## WHAT YOU ARE ASKED TO DO:
Repeat the full listing below verbatim and keep the images out.

== INFORMATION SHOWN

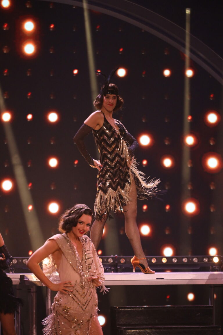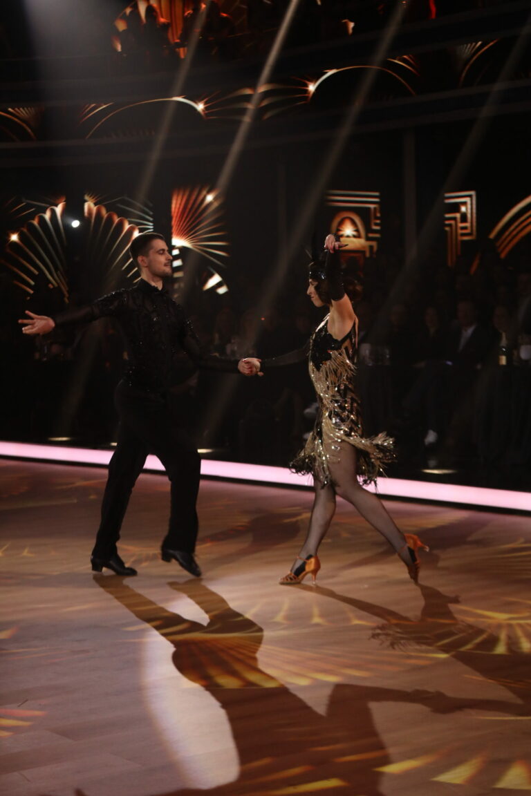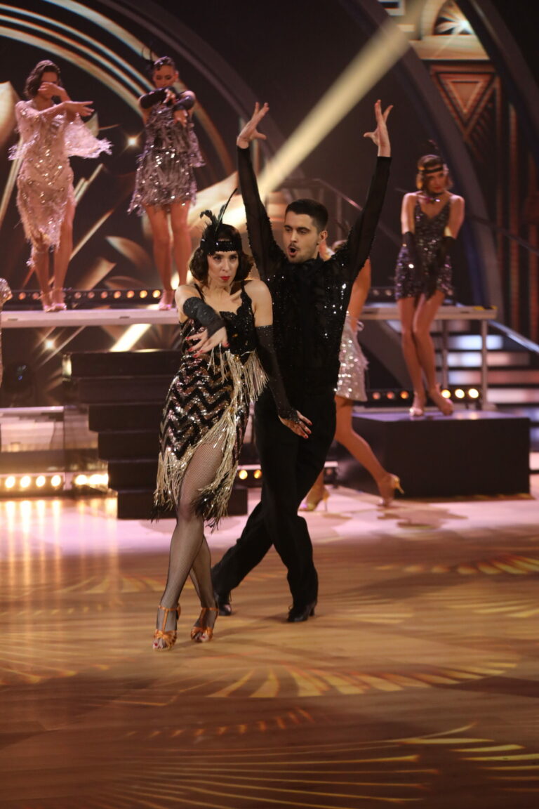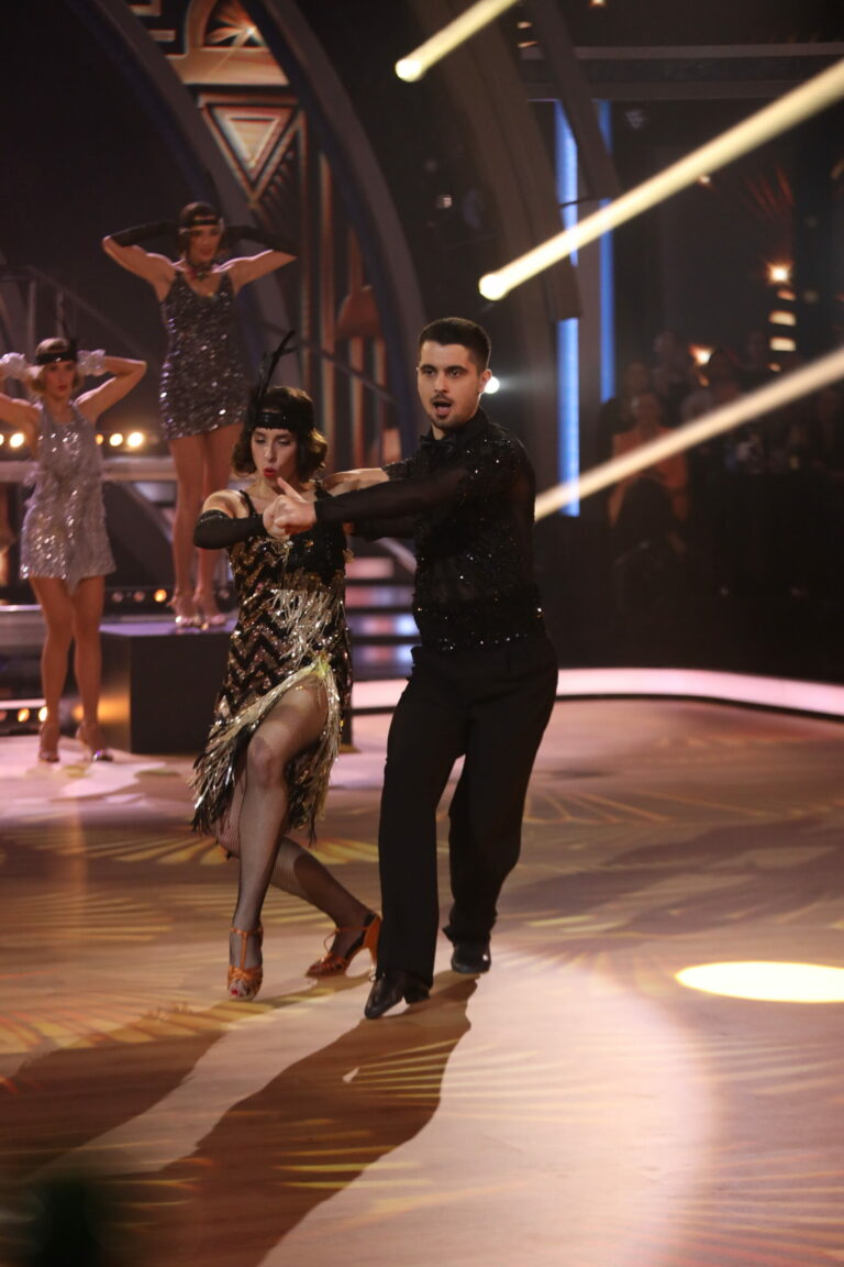 Zuzana Porubjaková a Jaroslav Ihring tancovali čaču na hit A Little Party Never Killed Nobody a ich čislo bolo inšpirované Veľkým Gatsbym. Bratislava, 16. marec 2025. Foto: TV Markíza.
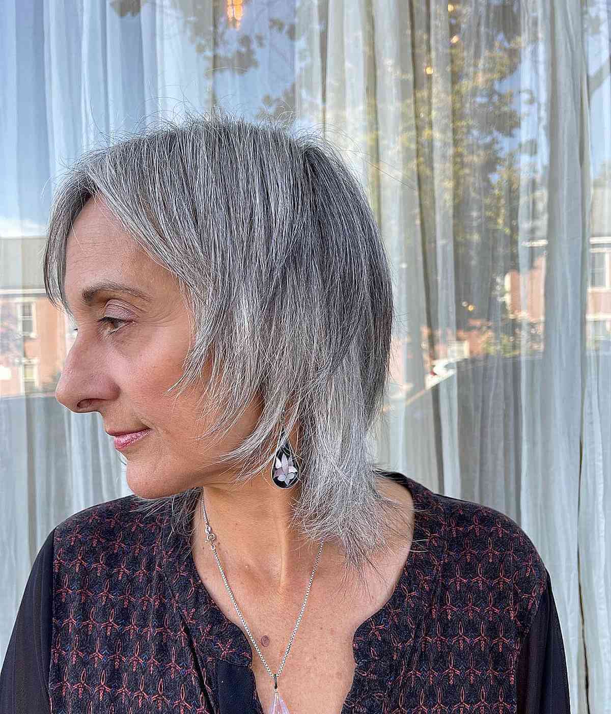 Try out a layered silver chop. Be sure to ask your stylist for plenty of layers to create that shaggy silhouette. Select the ideal length for your face and back that suits you best. A key tip for styling is to keep the volume in check; a sleeker look feels more contemporary.
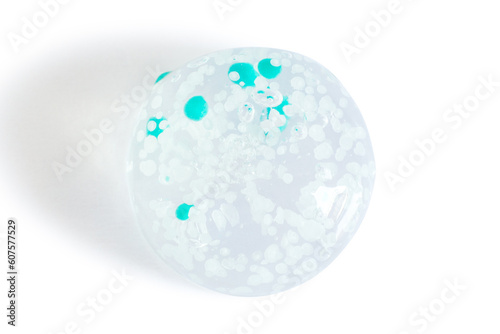 smears and drops of transparent gel with blue granules. On a white background.

====

## OUTPUT BELOW:
 Zuzana Porubjaková a Jaroslav Ihring tancovali čaču na hit A Little Party Never Killed Nobody a ich čislo bolo inšpirované Veľkým Gatsbym. Bratislava, 16. marec 2025. Foto: TV Markíza.
 Try out a layered silver chop. Be sure to ask your stylist for plenty of layers to create that shaggy silhouette. Select the ideal length for your face and back that suits you best. A key tip for styling is to keep the volume in check; a sleeker look feels more contemporary.
 smears and drops of transparent gel with blue granules. On a white background.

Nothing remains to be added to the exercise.